Fastest way to detect if vector has at least 1 NA?
What is the fastest way to detect if a vector has at least 1 NA
in R? I've been using:
sum( is.na( data ) ) > 0
But that requires examining each element, coercion, and the sum function.
Solution 1:
I'm thinking:
any(is.na(data))
should be slightly faster.
Solution 2:
As of R 3.1.0 anyNA()
is the way to do this. On atomic vectors this will stop after the first NA instead of going through the entire vector as would be the case with any(is.na())
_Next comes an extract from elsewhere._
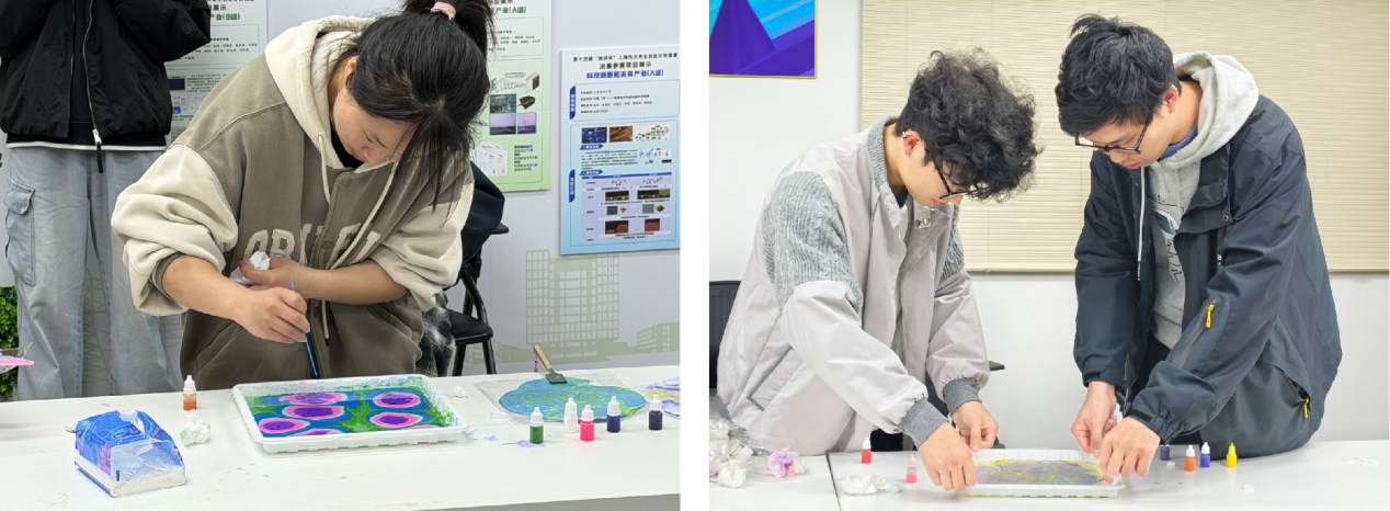 在实践环节,同学们化身“化学艺术家”,亲手调配颜料,控制滴加顺序与力度,观察并引导色彩在水面因表面张力与流体动力学作用形成的独特纹样。从胶体溶液的制备到界面图案的精准拓印,整个过程宛如一场精妙的化学实验。当丝巾轻覆水面,水中的瞬间图案被永久固定,这一“转印”步骤也蕴含了丰富的材料表面处理原理。

. Additionally, this avoids creating an intermediate logical vector with is.na
that is immediately discarded. Borrowing Joran's example:
x <- y <- runif(1e7)
x[1e4] <- NA
y[1e7] <- NA
microbenchmark::microbenchmark(any(is.na(x)), anyNA(x), any(is.na(y)), anyNA(y), times=10)
# Unit: microseconds
# expr min lq mean median uq
# any(is.na(x)) 13444.674 13509.454 21191.9025 13639.3065 13917.592
# anyNA(x) 6.840 13.187 13.5283 14.1705 14.774
# any(is.na(y)) 165030.942 168258.159 178954.6499 169966.1440 197591.168
# anyNA(y) 7193.784 7285.107 7694.1785 7497.9265 7865.064
Notice how it is substantially faster even when we modify the last value of the vector; this is in part because of the avoidance of the intermediate logical vector.
Solution 3:
We mention this in some of our Rcpp presentations and actually have some benchmarks which show a pretty large gain from embedded C++ with Rcpp over the R solution because
a vectorised R solution still computes every single element of the vector expression
if your goal is to just satisfy
any()
, then you can abort after the first match -- which is what our Rcpp sugar (in essence: some C++ template magic to make C++ expressions look more like R expressions, see this vignette for more) solution does.
So by getting a compiled specialised solution to work, we do indeed get a fast solution. I should add that while I have not compared this to the solutions offered in this SO question here, I am reasonably confident about the performance.
Edit And the Rcpp package contains examples in the directory sugarPerformance
. It has an increase of the several thousand of the 'sugar-can-abort-soon' over 'R-computes-full-vector-expression' for any()
, but I should add that that case does not involve is.na()
but a simple boolean expression.